If anyone out there is game, I’d love to see a Firefox plugin similar to Tabinta, but one that used the Ctrl-Alt-Tab (and Ctrl-Cmd-Tab on Mac) keystroke — or something along those lines — to add a tab. I’d be forever indebted to you, especially if it works with the Web Developer plugin for editing CSS. Just figured I’d throw that out there.
What’s Your Homepage(s)
For a long time — so long I can’t remember when I started — My Yahoo! has been my homepage. Back when Yahoo! was king they were the (possibly) the first to do a customizable portal page. Since I started using it the content I have on the page hasn’t really changed.
When I first started using Firefox I set it up to have multiple homepages. Did you know you can do that? In the Homepage field in the preferences, you can separate multiple addresses with a pipe (located on the SHIFT variation of the backward slash [\] key, which will produce this “|” ) and when you launch Firefox the next time it will open all of your pages in separate tabs. Great little feature. I eventually found I wasn’t using those other pages, and gradually removed them from my setup.
Back to my initial train of thought. In the left column of My Yahoo! I have stock stuff (including my portfolio) and a ski report for some resorts of my choosing. In the right column I have my sports scores and weather. Center (main) column has top news stories, business news, sports news, tech news, entertainment news, and the obligatory “Reuters Oddly Enough.”

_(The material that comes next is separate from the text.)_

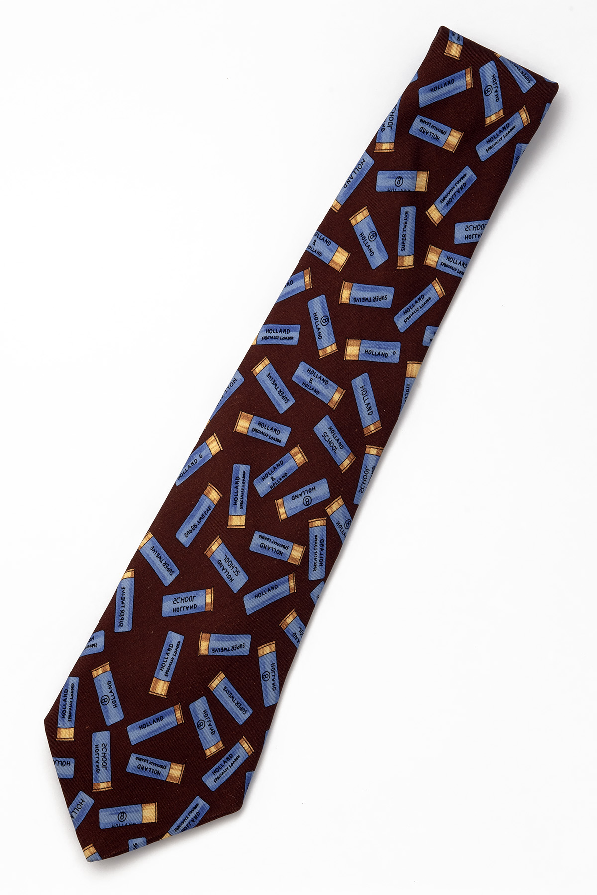 HOLLAND & HOLLAND SILK TIE, brown silk neck tie with images light blue and brass yellow cartridges, 4in. width 60in. length

I was talking with a coworker about homepages recently, and how I just can’t get used to the personalized Google homepage. I claimed that the Google page was just too cluttered. His comment was that my My Yahoo! screen was more cluttered than my personalized Google page. I’ve basically become accustomed to the layout of the Yahoo! screen.

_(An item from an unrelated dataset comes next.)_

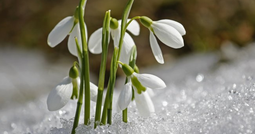 Acum apar primele flori, cele mai curajoase și mai firave în același timp, ghioceii. Cresc în locuri ferite de vânt, cu fața spre soare, pe un sol reavăn, înconjurat de un guler de zăpadă ce se topește încet, în stropi ca de cristal. Iarna, cu toată puterea ei, se pleacă în fața acestei minuni ce îmbină două culori simbolice: albul imaculat al zăpezii cu verdele crud al primăverii.

What do you have as your homepage? Do you have multiple homepages? Do you have a suggestion for me to try out besides Google and Yahoo!?

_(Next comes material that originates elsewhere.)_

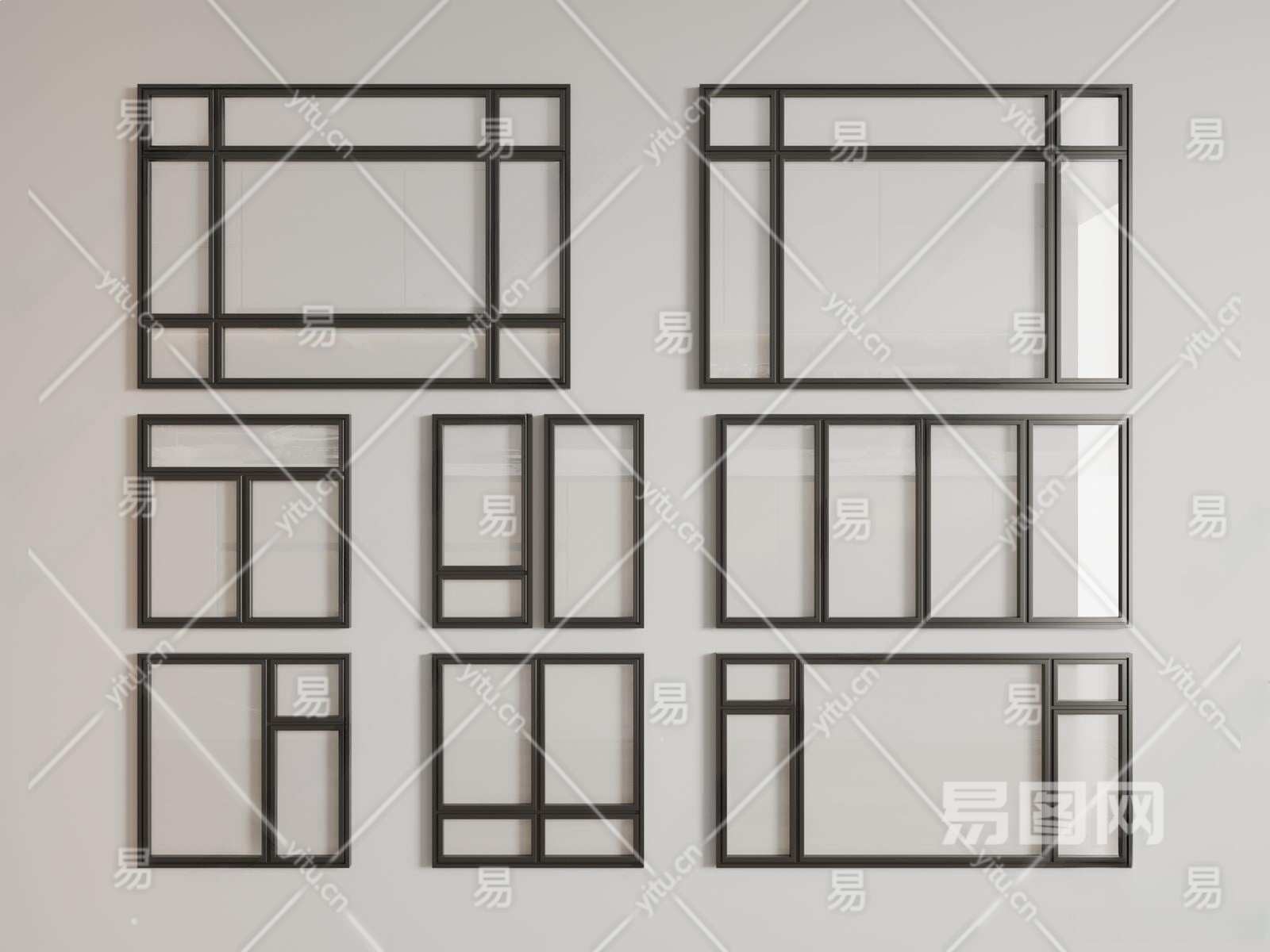 现代平开窗3D模型下载

Domain Name Extension Completion
One of my favorite features of Firefox is the keystroke for completing domain names. For example:
- You use ctrl-D (on Windows or Linux) or cmd-L (on Mac) to select the address bar
- You type in the domain name sans extension e.g. techjive
- Depending on the extension (.com, .net, .org) you use the appropriate keystroke and it prepends a “www.” and appends the “.whatever” e.g. makes techjive = www.techjive.net
The keystrokes are:
- ctrl-Enter (Win & Linux) or cmd-Enter (Mac) = .com
- shift-Enter = .net
- ctrl-shift-Enter (Win & Linux) or cmd-shift-Enter (Mac) = .org
The .com keystroke works for Internet Explorer and Opera. For Safari, if you type in the name and just hit enter — e.g. google — it puts the .com on it for you; no keystroke needed. Firefox is the only one that goes beyond the .com with this feature.